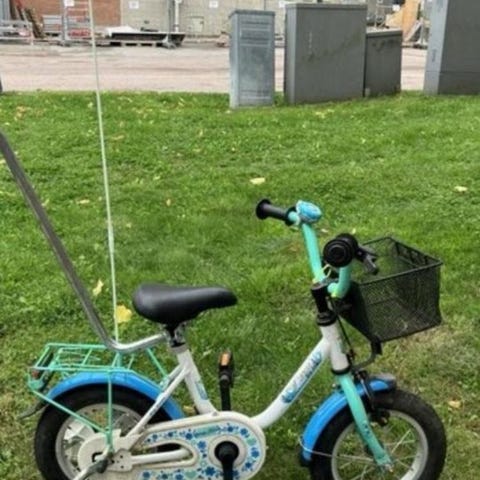 Säljer en fin rosa barncykel från Biltema med 12 tum hjul, sadelhöjd 18, cm (kan justeras något) Finns en mindre spricka/slitage vid bromsfästet (se bild), påverkar inte funktionen.
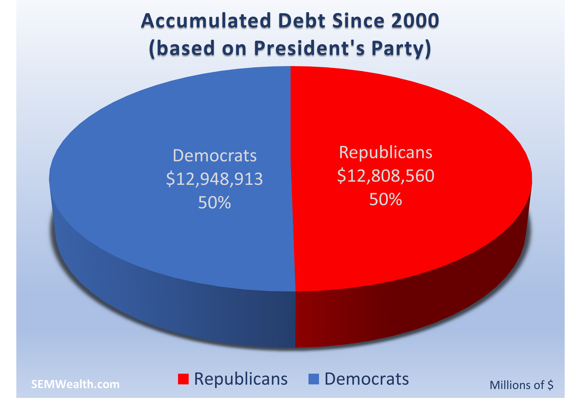 BOTH parties are EQUALLY responsible for our debt. Since 2000 we've added over $25 Trillion to the $31 Trillion total. Think about that for a second. At the turn of the century, we had just $6 Trillion of debt.
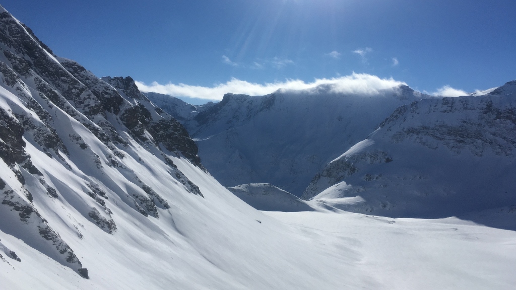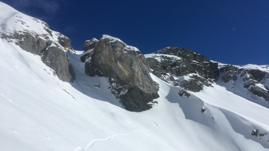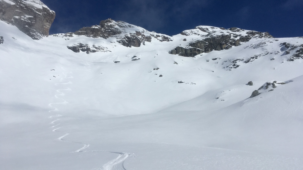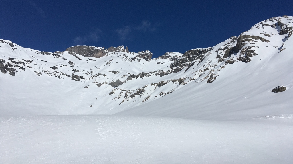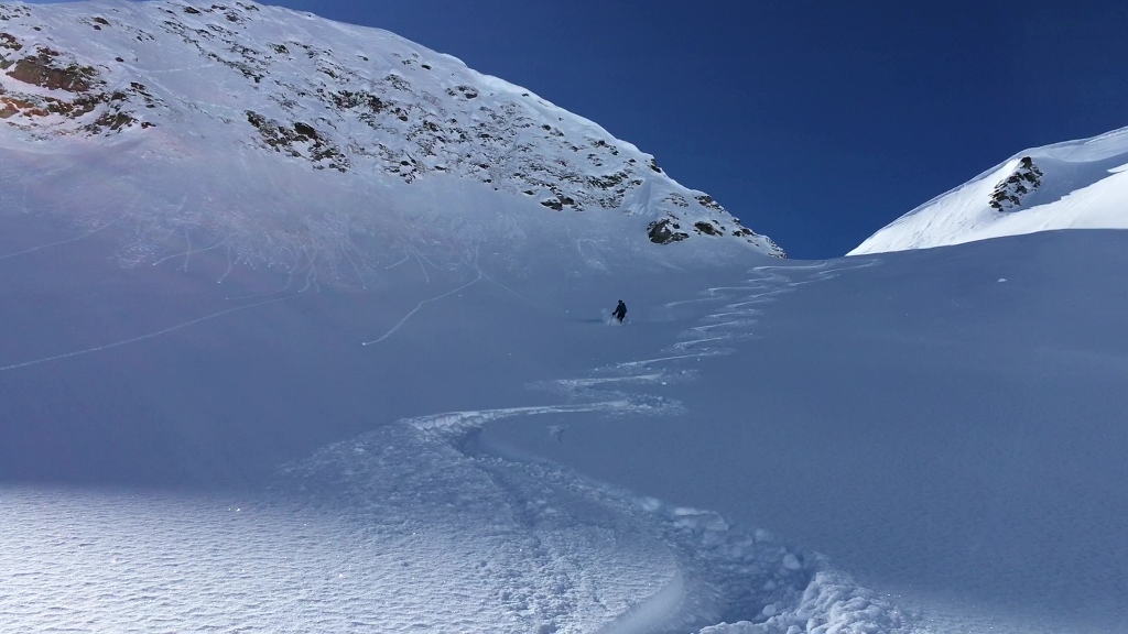 Nachdem ich die Sonne genossen hatte, zog ich meine Kurven durch den leicht krustigen Schnee die Südhänge hinunter und passierte problemlos das enge Couloir bei P.2360. Die weiteren Hänge waren ähnlich krustig, aber noch gut zu fahren. Nach einem kurzen Gegenanstieg erreichte die Scharte nördlich P.2211.
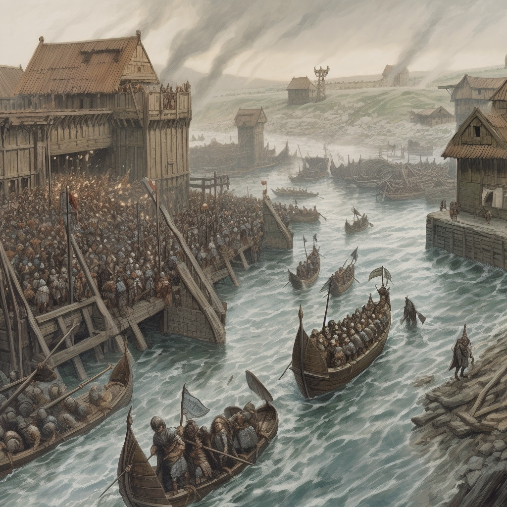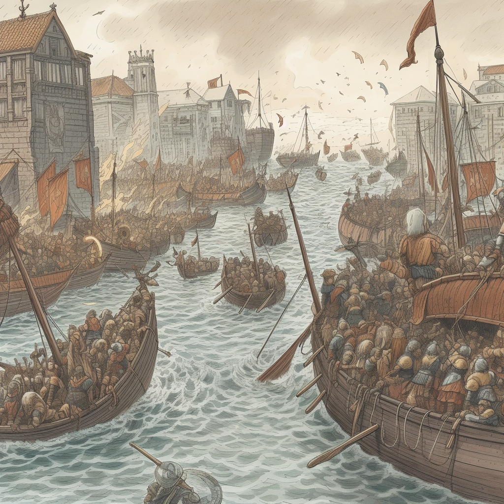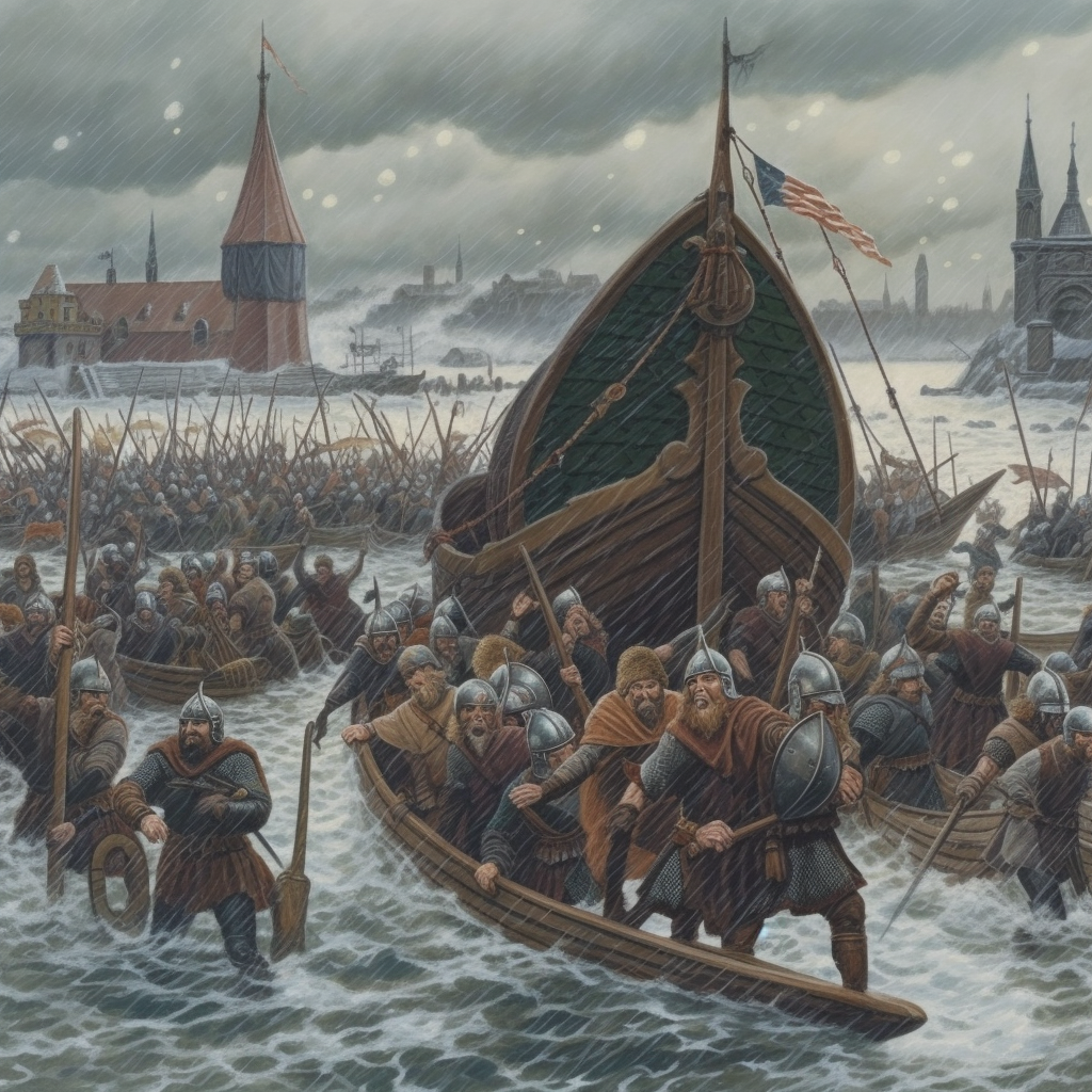 Викинги атакуют город. По этому запросу нейросеть предложила вариант захвата современного города. Причем с моря, хотя в книжке с суши.

EXERCISE PROMPT – Copy out the material above in full and exactly; its pictures are not to appear.

RESPONSE FOR THIS EXERCISE –
 Säljer en fin rosa barncykel från Biltema med 12 tum hjul, sadelhöjd 18, cm (kan justeras något) Finns en mindre spricka/slitage vid bromsfästet (se bild), påverkar inte funktionen.
 BOTH parties are EQUALLY responsible for our debt. Since 2000 we've added over $25 Trillion to the $31 Trillion total. Think about that for a second. At the turn of the century, we had just $6 Trillion of debt.
 Nachdem ich die Sonne genossen hatte, zog ich meine Kurven durch den leicht krustigen Schnee die Südhänge hinunter und passierte problemlos das enge Couloir bei P.2360. Die weiteren Hänge waren ähnlich krustig, aber noch gut zu fahren. Nach einem kurzen Gegenanstieg erreichte die Scharte nördlich P.2211.
 Викинги атакуют город. По этому запросу нейросеть предложила вариант захвата современного города. Причем с моря, хотя в книжке с суши.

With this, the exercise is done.